--- Information shown Enclosed Below ---
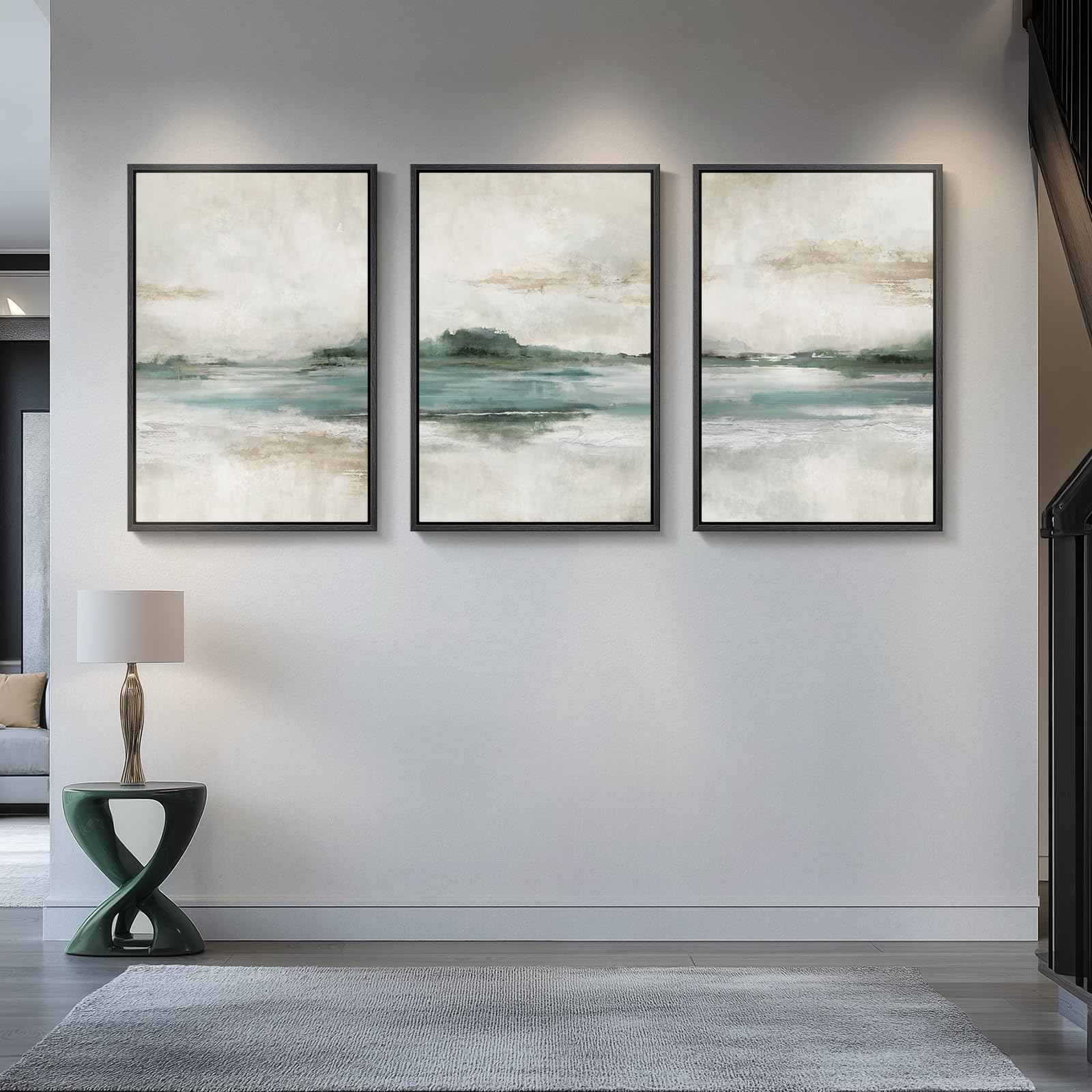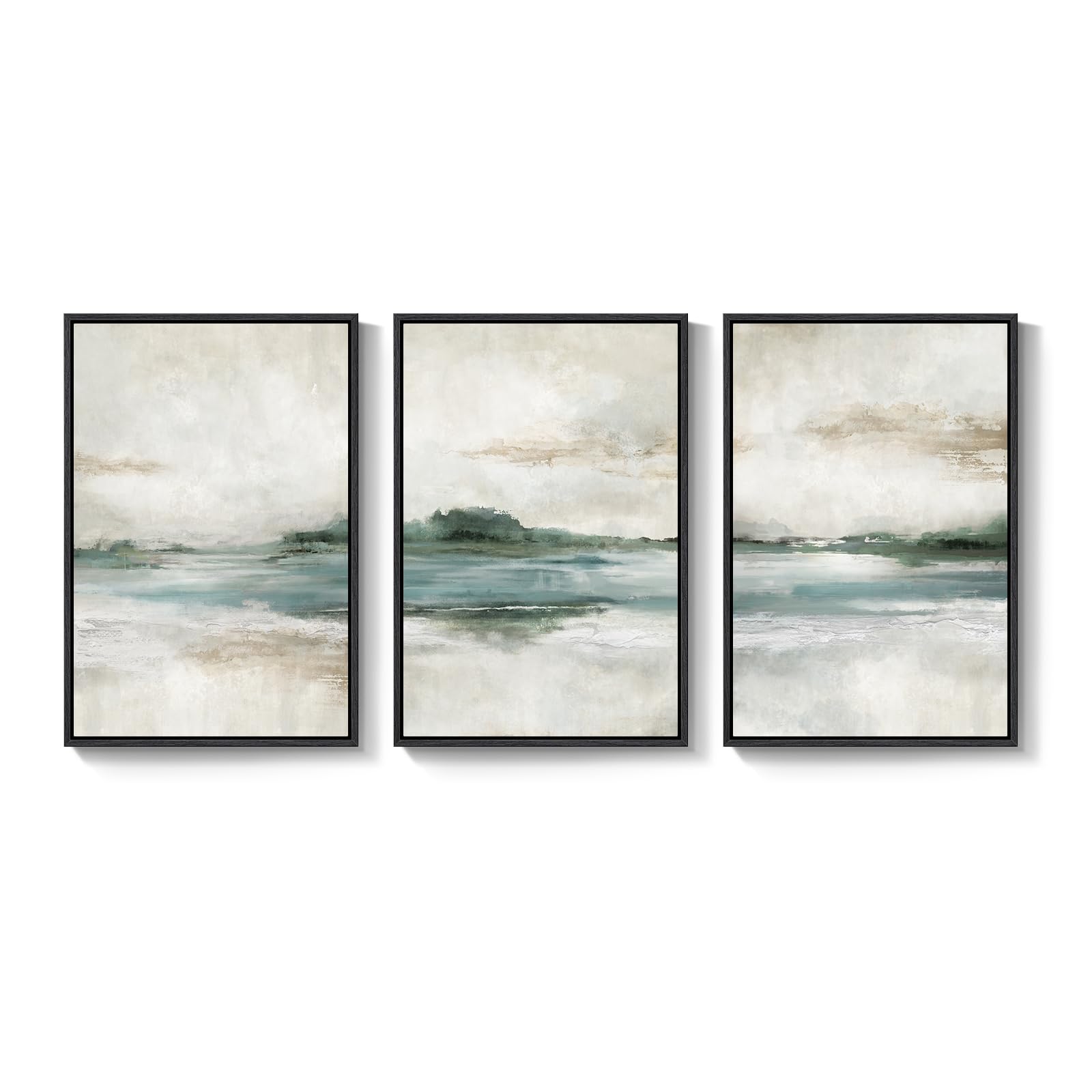 [Abstract Wall Art]: This 3-piece large framed wall art set features a modern abstract lake and mountain landscape in soft watercolor style. Shades of green, teal, beige, and warm neutrals create a calming, elegant look that blends seamlessly with contemporary or transitional decor. Perfect for the living room, bedroom, dining room, hallway, or office, these canvas prints bring timeless beauty and sophisticated wall decoration to any space
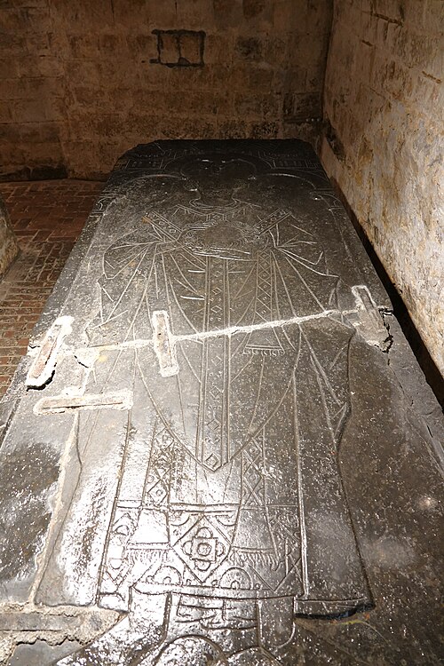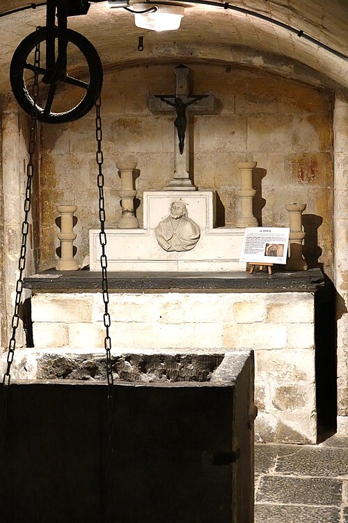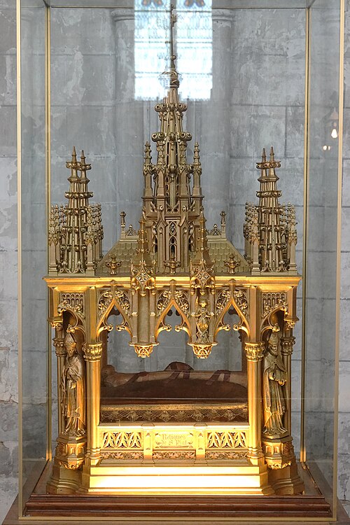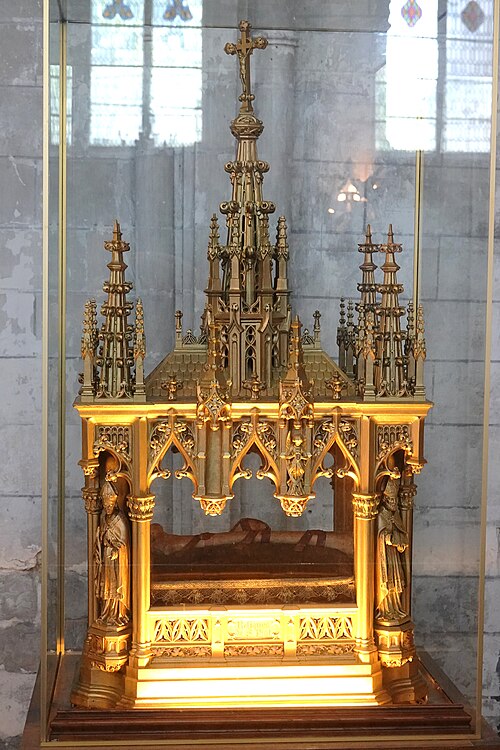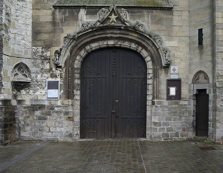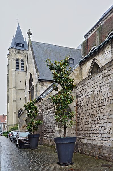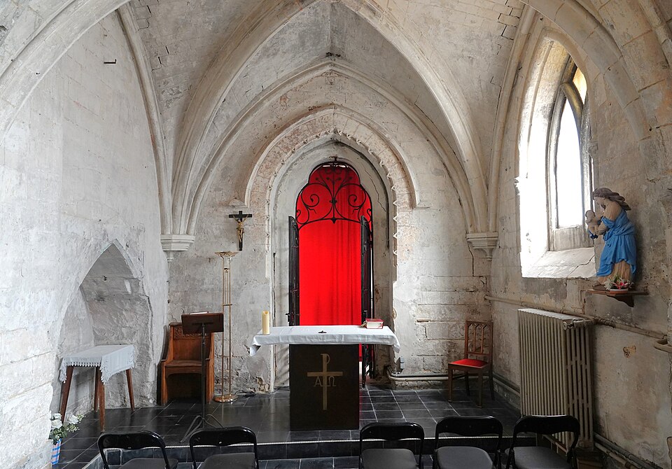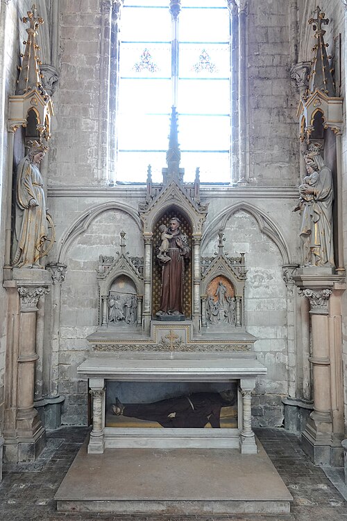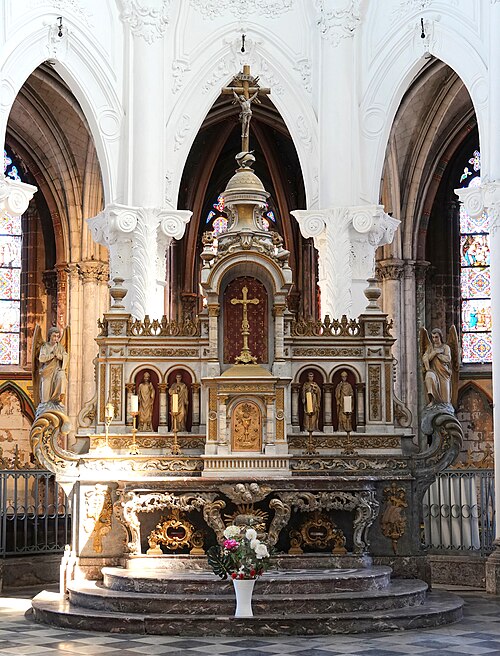 La salle capitulaire, accessible depuis le déambulatoire sud et datée du XVe siècle, conserve des voûtes et un fenestrage gothiques; elle servait aux réunions du chapitre et accueille aujourd'hui les messes en semaine. Le maître-autel en marbre, œuvre de Mathieu Jonniau datée de 1763, est inscrit aux inventaires départementaux et complété au XIXe siècle par un retable, un tabernacle et deux anges sculptés par Modeste Verlinden. Sous la table du maître-autel sont conservées des reliques, notamment celles de saint Fidentius et de sainte Dieudonnée, ainsi qu'un reliquaire central contenant des reliques non identifiées, tandis que cinq grandes toiles à l'huile, probablement du XVIIIe siècle et représentant le Christ et les quatre évangélistes, surmontent et entourent l'autel; ces toiles sont aujourd'hui encrassées et détériorées, une collecte étant en cours pour leur restauration.
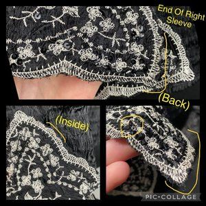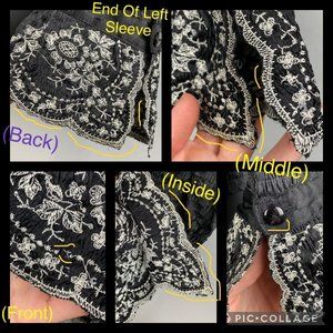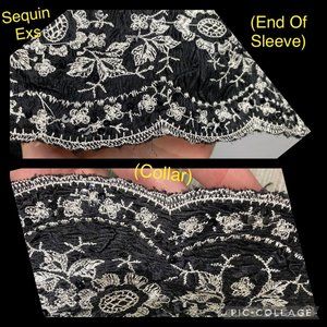 Floral embroidered and sequin accenting on collar and end of sleeves.
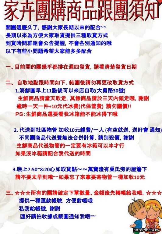 取貨方式、轉帳帳號請看照片說明
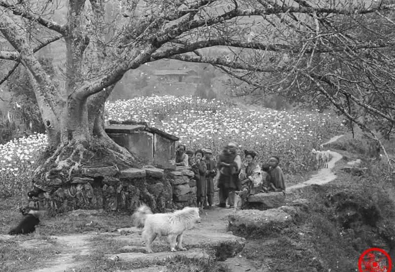 树下人影斜歪着,有的靠着根系,有的蹲在地头聊天,这棵榕树据说高得离谱,足有好几丈,粗得两个人还搂不过来,地面是一片开得正盛的罂粟花,那会儿田地里种这种东西,说是利大于粮食,村里人都愿意试,祖辈们念叨:那时改种罂粟能多收钱,地里能看到一片红白紫搅一块儿,没人喊你去拍照,可花和人都扎在了这里,现在看着有点心酸又无奈。
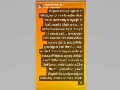 कंगना रनौत ने अपने इंस्टाग्राम स्टोरी में पोस्ट करते हुए लिखा, "विकिपीडिया पर वामपंथियों ने पूरी तरह से कब्जा कर लिया है, मेरे बारे में ज्यादातर जानकारी जैसे मेरा जन्मदिन और मेरी ऊंचाई, पृष्ठभूमि जैसी सारी जानकारियां पूरी तरह से गलत है, मैं इसे कितना भी सुधारने की कोशिश करें, यह फिर से गलत हो जाता है...वैसे भी कई रेडिया चैनल, फैन क्लब और मेरे प्रिय लोग 20 मार्च को मुझे जन्मदिन की बधाइयां देते हैं।"
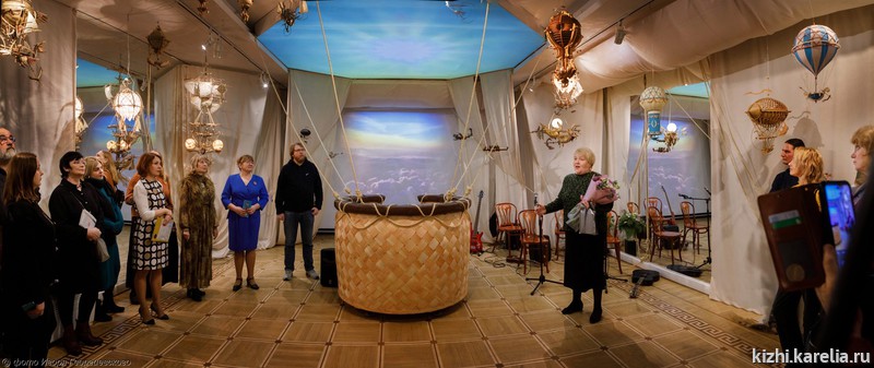 В этом пространстве парят необычные летательные аппараты, бегут облака, летят птицы, а в центре — огромная гондола воображаемого воздушного шара. По замыслу дизайнера выставки Даниила Бакалина в ней можно почувствовать себя воздухоплавателем и сфотографироваться на память.
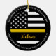 A Cola De Ouros Que Mantém Tudo Junto. Ornamento de Linha Dourada Personalizado para 911 despachantes e despachantes policiais. Personalize este adorno do despachante com nome e ano. Este presente personalizado de despachante é perfeito para a apreciação do despachante policial, o obrigado de despachante 911 que você oferece e os presentes ou favoritos para festas de despachante. Encomendar estes enfeites de natal de despachante para o departamento de polícia ou posto de bombeiros. COPYRIGHT © 2020 Judy Burrows, Black Dog Art - Todos Os Direitos Reservados. Linha Dourada fina 911 Expedidor de natal ornamento cerâmico
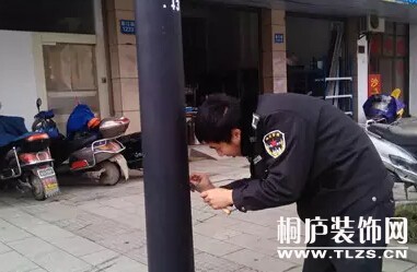 2015年2月26日上午,我局直属三中队执法队员在处理数字城管途中,发现在春江路1233号门前的景观灯灯柱上贴有一张“牛皮癣”。虽然那张“牛皮癣”贴在景观灯靠内侧,十分不显眼,但依然被我局眼明手快的执法队员发现。
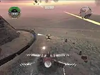 In keeping with the game's arcade nature, the armor and secondary ammunition of the player's aircraft can be replenished by flying into health and ammunition crates,[7] which are dropped by destroyed enemies and scattered throughout the terrain. Developers also added special maneuvers, such as the barrel roll and the Immelmann, which the player can perform during flight through manipulation of the analog sticks. Use of these stunts is governed by a "special meter" which recharges over time during play.[5]
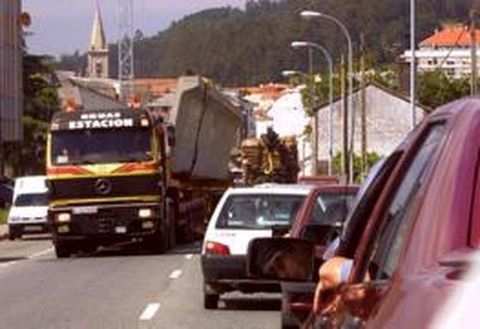 A El Ayuntamiento de Caldas dirá adiós a los atascos en su casco urbano aunque no antes del 2005? El Ministerio de Fomento licitó ayer, tras más de una década de espera, la variante de la N-550. La construcción de la ansiada circunvalación tiene un plazo de 25 meses y un presupuesto de 25 millones de euros. Más de 15.000 vehículos cruzan a diario la travesía urbana, a los que hay que sumar el paso de transportes con mercancías especiales -como el de la imagen-.| L8
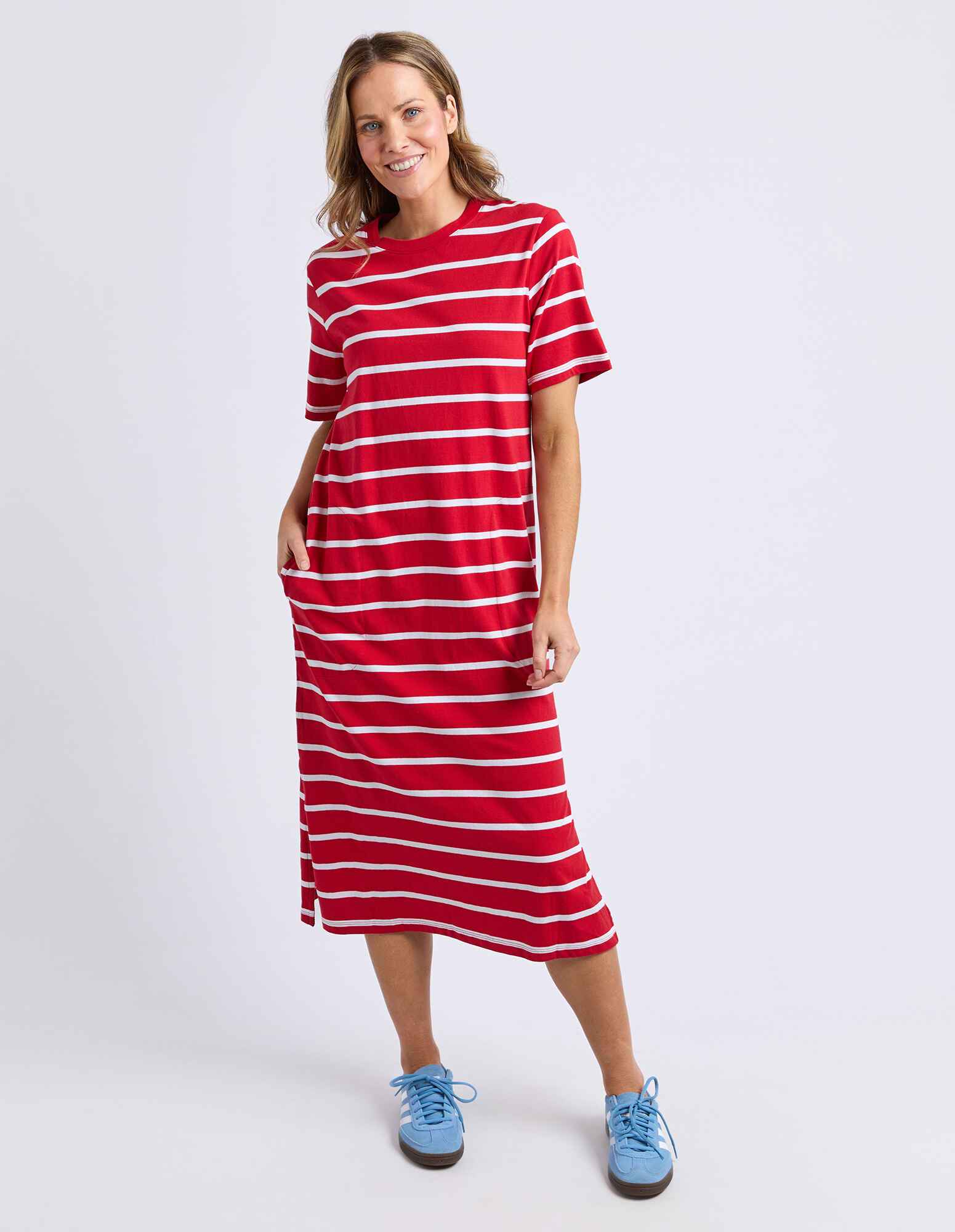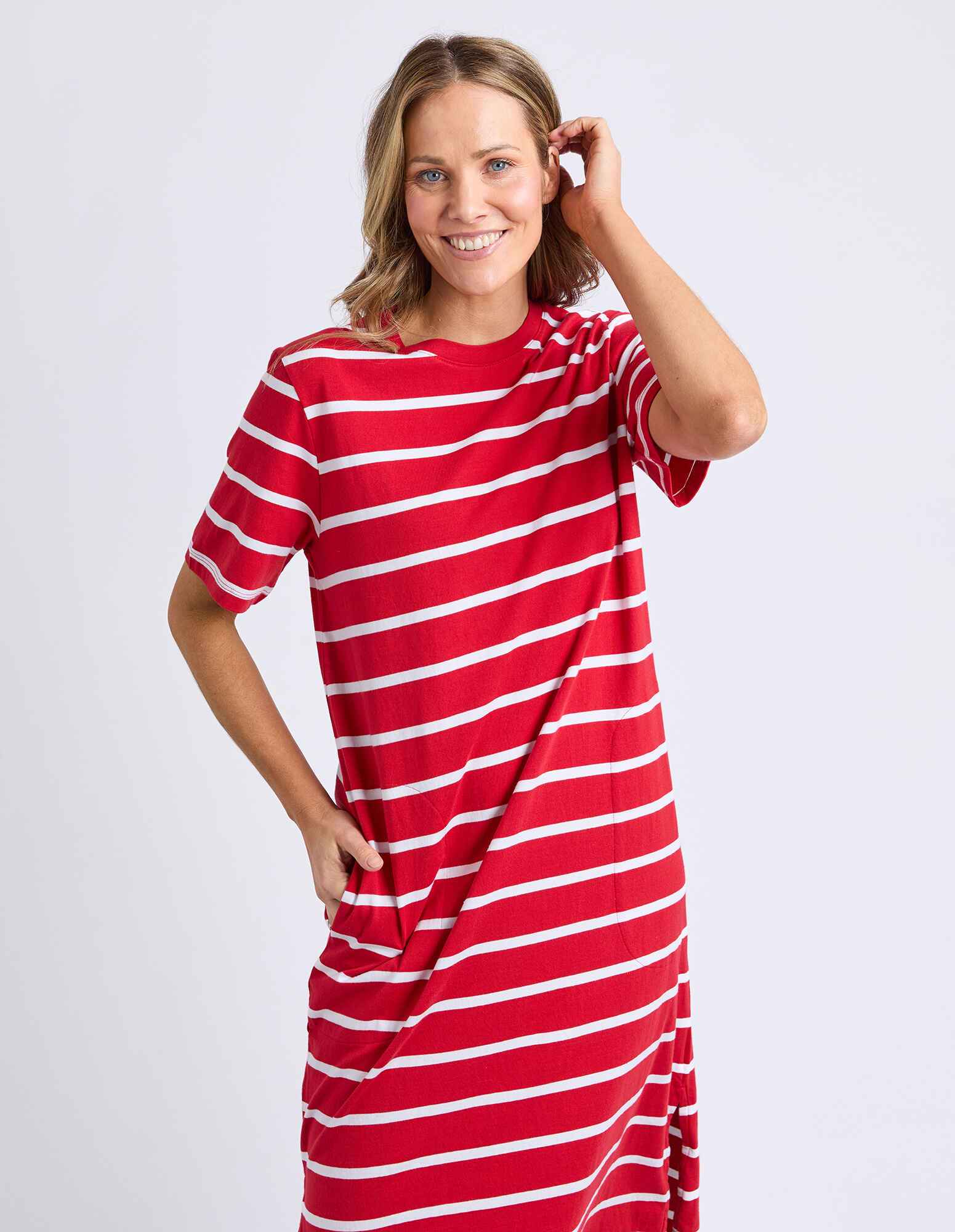 The Elm Crimson Tee Dress is an easy, everyday staple crafted from 100% organic cotton. Designed in a relaxed fit with a flattering midi length and practical side pockets, it’s perfect for casual comfort. Style with sneakers or slides for effortless off-duty dressing.
--- End of Enclosed Information shown ---
[Exercise objective]
The answer must be an exact restatement of all the records, with no pictures included.

[Response for this exercise]
 [Abstract Wall Art]: This 3-piece large framed wall art set features a modern abstract lake and mountain landscape in soft watercolor style. Shades of green, teal, beige, and warm neutrals create a calming, elegant look that blends seamlessly with contemporary or transitional decor. Perfect for the living room, bedroom, dining room, hallway, or office, these canvas prints bring timeless beauty and sophisticated wall decoration to any space
 La salle capitulaire, accessible depuis le déambulatoire sud et datée du XVe siècle, conserve des voûtes et un fenestrage gothiques; elle servait aux réunions du chapitre et accueille aujourd'hui les messes en semaine. Le maître-autel en marbre, œuvre de Mathieu Jonniau datée de 1763, est inscrit aux inventaires départementaux et complété au XIXe siècle par un retable, un tabernacle et deux anges sculptés par Modeste Verlinden. Sous la table du maître-autel sont conservées des reliques, notamment celles de saint Fidentius et de sainte Dieudonnée, ainsi qu'un reliquaire central contenant des reliques non identifiées, tandis que cinq grandes toiles à l'huile, probablement du XVIIIe siècle et représentant le Christ et les quatre évangélistes, surmontent et entourent l'autel; ces toiles sont aujourd'hui encrassées et détériorées, une collecte étant en cours pour leur restauration.
 Floral embroidered and sequin accenting on collar and end of sleeves.
 取貨方式、轉帳帳號請看照片說明
 树下人影斜歪着,有的靠着根系,有的蹲在地头聊天,这棵榕树据说高得离谱,足有好几丈,粗得两个人还搂不过来,地面是一片开得正盛的罂粟花,那会儿田地里种这种东西,说是利大于粮食,村里人都愿意试,祖辈们念叨:那时改种罂粟能多收钱,地里能看到一片红白紫搅一块儿,没人喊你去拍照,可花和人都扎在了这里,现在看着有点心酸又无奈。
 कंगना रनौत ने अपने इंस्टाग्राम स्टोरी में पोस्ट करते हुए लिखा, "विकिपीडिया पर वामपंथियों ने पूरी तरह से कब्जा कर लिया है, मेरे बारे में ज्यादातर जानकारी जैसे मेरा जन्मदिन और मेरी ऊंचाई, पृष्ठभूमि जैसी सारी जानकारियां पूरी तरह से गलत है, मैं इसे कितना भी सुधारने की कोशिश करें, यह फिर से गलत हो जाता है...वैसे भी कई रेडिया चैनल, फैन क्लब और मेरे प्रिय लोग 20 मार्च को मुझे जन्मदिन की बधाइयां देते हैं।"
 В этом пространстве парят необычные летательные аппараты, бегут облака, летят птицы, а в центре — огромная гондола воображаемого воздушного шара. По замыслу дизайнера выставки Даниила Бакалина в ней можно почувствовать себя воздухоплавателем и сфотографироваться на память.
 A Cola De Ouros Que Mantém Tudo Junto. Ornamento de Linha Dourada Personalizado para 911 despachantes e despachantes policiais. Personalize este adorno do despachante com nome e ano. Este presente personalizado de despachante é perfeito para a apreciação do despachante policial, o obrigado de despachante 911 que você oferece e os presentes ou favoritos para festas de despachante. Encomendar estes enfeites de natal de despachante para o departamento de polícia ou posto de bombeiros. COPYRIGHT © 2020 Judy Burrows, Black Dog Art - Todos Os Direitos Reservados. Linha Dourada fina 911 Expedidor de natal ornamento cerâmico
 2015年2月26日上午,我局直属三中队执法队员在处理数字城管途中,发现在春江路1233号门前的景观灯灯柱上贴有一张“牛皮癣”。虽然那张“牛皮癣”贴在景观灯靠内侧,十分不显眼,但依然被我局眼明手快的执法队员发现。
 In keeping with the game's arcade nature, the armor and secondary ammunition of the player's aircraft can be replenished by flying into health and ammunition crates,[7] which are dropped by destroyed enemies and scattered throughout the terrain. Developers also added special maneuvers, such as the barrel roll and the Immelmann, which the player can perform during flight through manipulation of the analog sticks. Use of these stunts is governed by a "special meter" which recharges over time during play.[5]
 A El Ayuntamiento de Caldas dirá adiós a los atascos en su casco urbano aunque no antes del 2005? El Ministerio de Fomento licitó ayer, tras más de una década de espera, la variante de la N-550. La construcción de la ansiada circunvalación tiene un plazo de 25 meses y un presupuesto de 25 millones de euros. Más de 15.000 vehículos cruzan a diario la travesía urbana, a los que hay que sumar el paso de transportes con mercancías especiales -como el de la imagen-.| L8
 The Elm Crimson Tee Dress is an easy, everyday staple crafted from 100% organic cotton. Designed in a relaxed fit with a flattering midi length and practical side pockets, it’s perfect for casual comfort. Style with sneakers or slides for effortless off-duty dressing.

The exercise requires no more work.